Background: Malaria remains a leading cause of illness and death globally, with countries in sub-Saharan Africa bearing a disproportionate burden. Global high-resolution maps of malaria prevalence, incidence, and mortality are crucial for tracking spatially heterogeneous progress against the disease and to inform strategic malaria control efforts. We present the latest such maps, the first since 2019, which cover the years 2000-22. The maps are accompanied by administrative-level summaries and include estimated COVID-19 pandemic-related impacts on malaria burden.
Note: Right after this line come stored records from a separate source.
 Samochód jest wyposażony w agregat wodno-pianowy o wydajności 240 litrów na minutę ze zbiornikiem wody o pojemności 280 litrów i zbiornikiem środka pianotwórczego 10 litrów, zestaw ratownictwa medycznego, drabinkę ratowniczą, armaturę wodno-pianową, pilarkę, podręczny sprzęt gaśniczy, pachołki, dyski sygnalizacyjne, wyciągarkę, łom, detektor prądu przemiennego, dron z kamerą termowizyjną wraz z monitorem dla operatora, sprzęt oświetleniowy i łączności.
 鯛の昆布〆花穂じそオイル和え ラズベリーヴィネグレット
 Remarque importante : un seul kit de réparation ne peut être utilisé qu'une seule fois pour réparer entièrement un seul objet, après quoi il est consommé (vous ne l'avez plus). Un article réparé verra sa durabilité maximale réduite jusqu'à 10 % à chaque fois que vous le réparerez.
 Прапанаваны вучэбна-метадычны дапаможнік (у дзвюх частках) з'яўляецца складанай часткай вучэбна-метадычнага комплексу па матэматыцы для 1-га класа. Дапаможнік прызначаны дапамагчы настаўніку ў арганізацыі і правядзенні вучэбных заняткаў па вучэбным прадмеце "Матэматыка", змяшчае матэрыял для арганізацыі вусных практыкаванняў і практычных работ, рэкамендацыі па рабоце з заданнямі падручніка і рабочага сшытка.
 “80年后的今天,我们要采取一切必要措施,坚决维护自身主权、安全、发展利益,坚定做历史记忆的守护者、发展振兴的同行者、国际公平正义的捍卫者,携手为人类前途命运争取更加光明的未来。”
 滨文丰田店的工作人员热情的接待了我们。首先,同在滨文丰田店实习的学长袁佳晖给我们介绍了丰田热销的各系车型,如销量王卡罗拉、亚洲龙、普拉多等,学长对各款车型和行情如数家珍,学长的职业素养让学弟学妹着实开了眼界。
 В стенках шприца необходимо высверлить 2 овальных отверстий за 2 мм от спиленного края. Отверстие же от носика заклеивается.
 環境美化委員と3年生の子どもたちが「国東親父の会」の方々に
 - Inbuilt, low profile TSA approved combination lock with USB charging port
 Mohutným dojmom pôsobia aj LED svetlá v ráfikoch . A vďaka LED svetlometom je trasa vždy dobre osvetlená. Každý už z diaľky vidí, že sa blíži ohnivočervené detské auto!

Methods: We initially modelled prevalence of Plasmodium falciparum malaria infection in children aged 2-10 years in high-burden African countries using a geostatistical modelling framework. The model was trained on a large database of spatiotemporal observations of community infection prevalence; environmental and anthropogenic covariates; and modelled intervention coverages for insecticide-treated bednets, indoor residual spraying, and effective treatment with an antimalarial drug. We developed an additional model to incorporate disruptions to malaria case management caused by the COVID-19 pandemic. The resulting high-resolution maps of infection prevalence from 2000 to 2022 were subsequently translated to estimates of case incidence and malaria mortality. For other malaria-endemic countries and for Plasmodium vivax estimates, we used routine surveillance data to model annual case incidence at administrative levels. We then converted these estimates to infection prevalence and malaria mortality, and spatially disaggregated administrative-level results to produce high-resolution maps. Lastly, we combined the modelled outputs to produce global maps and summarised tables that are suitable for assessing changing malaria burden from subnational to global scales.
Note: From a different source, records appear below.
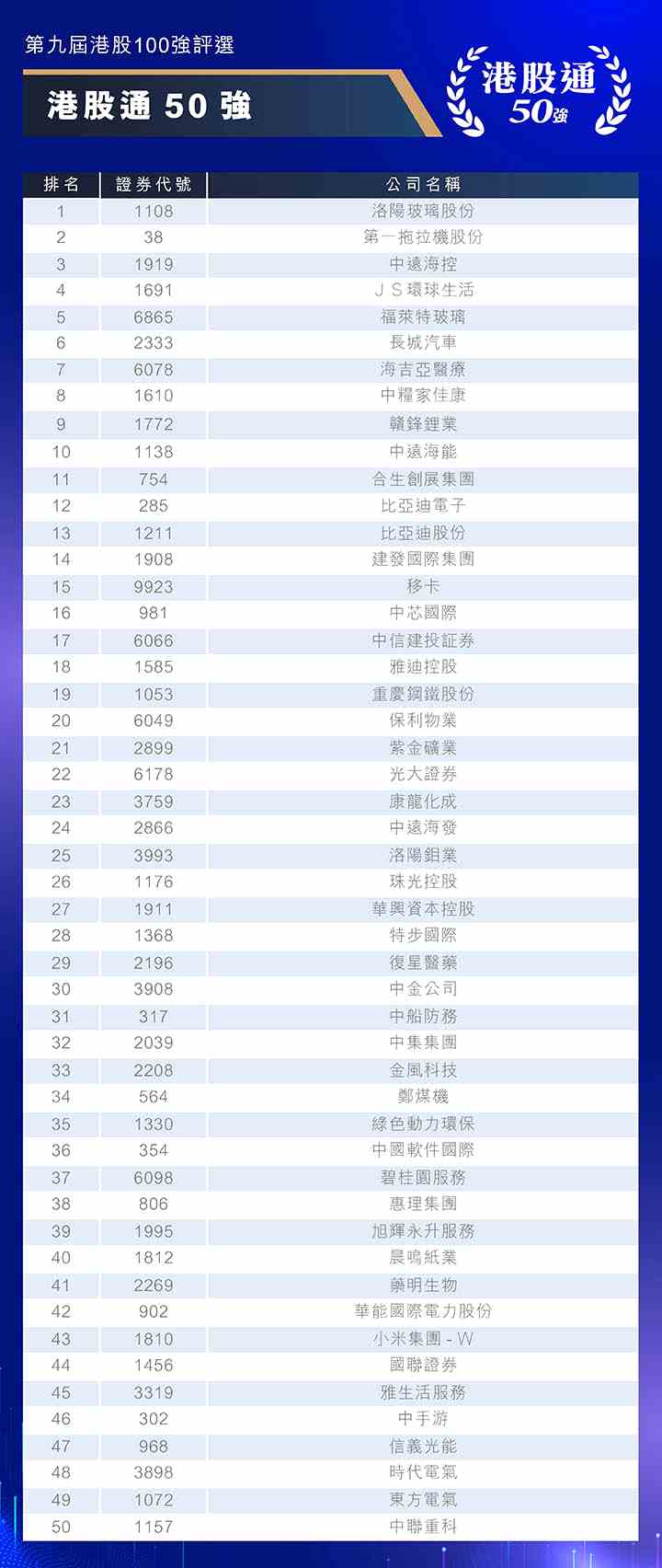 以下為榮獲本屆“港股通50強”的企業(yè)名單: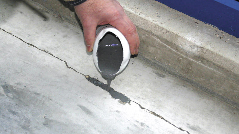 Widerstandsfähiges und selbstnivellierendes Epoxydharz inkl. Estrichklammern zur Armierung der gerissenen Fläche, restflexibel, selbstentlüftend, chemikalienbeständig, lösemittelfrei, mechanisch hoch belastbar, frost- und witterungsbeständig, geruchsarm, wasserfest, für innen und außen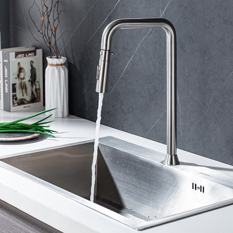 SUS304不锈钢七字型双温抽拉厨用龙头多功能出水模式清洗菜盆水池

Findings: We found an ongoing plateau in rates of malaria infection prevalence and case incidence within sub-Saharan Africa, with consistent year-on-year improvements not evident since 2015. Due to the concentration of malaria burden in sub-Saharan Africa and the region's rapid population growth relative to other endemic regions, we estimate that 2022 had 234·8 (95% uncertainty interval 179·2-299·0) million clinical cases of P falciparum malaria, the most since 2004. Despite these findings, deaths from malaria continued to decline in sub-Saharan Africa and consequently globally after 2015, except for the COVID-19-impacted years of 2020-22. Similarly, progress in reducing P falciparum and P vivax morbidity outside Africa continued despite stalled progress globally. However, a major malaria outbreak in Pakistan following intense flooding in 2022 resulted in a reversal in this improving trend and contributed heavily to the global total of 12·4 (10·7-14·8) million clinical cases of P vivax malaria. Within Africa, we found that the plateau in infection prevalence occurred earlier in more densely populated areas, whereas more sparsely populated regions have continued a trajectory of modest improvement.
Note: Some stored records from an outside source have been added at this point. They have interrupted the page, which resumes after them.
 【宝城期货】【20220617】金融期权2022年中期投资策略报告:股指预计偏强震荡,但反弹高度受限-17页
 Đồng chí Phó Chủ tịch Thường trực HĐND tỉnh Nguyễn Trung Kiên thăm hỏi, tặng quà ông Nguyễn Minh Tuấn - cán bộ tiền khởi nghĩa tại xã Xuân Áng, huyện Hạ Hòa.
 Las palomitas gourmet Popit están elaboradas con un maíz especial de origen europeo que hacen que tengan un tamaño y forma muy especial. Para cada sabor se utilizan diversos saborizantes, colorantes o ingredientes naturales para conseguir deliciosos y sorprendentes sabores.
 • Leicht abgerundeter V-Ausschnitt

Interpretation: The unprecedented investment in malaria control since the early 2000s has averted an enormous amount of malaria burden. However, case incidence rates in Africa have flattened, and with a rapidly growing population at risk, the number of P falciparum cases in Africa, and thus globally, is now comparable to levels before the surge of investment. Outside Africa progress against malaria morbidity continued after 2015, but a resurgence of P vivax cases in 2022 underscores the fragility of progress against malaria in the face of climatic shocks. COVID-19-related disruptions led to increased malaria cases and deaths, but the impact was less severe than feared, in part because endemic countries continued to prioritise malaria control during the pandemic. Nevertheless, improved tools and strategies remain urgently needed to regain momentum against this disease.

Funding: Bill & Melinda Gates Foundation and Australian National Health and Medical Research Council.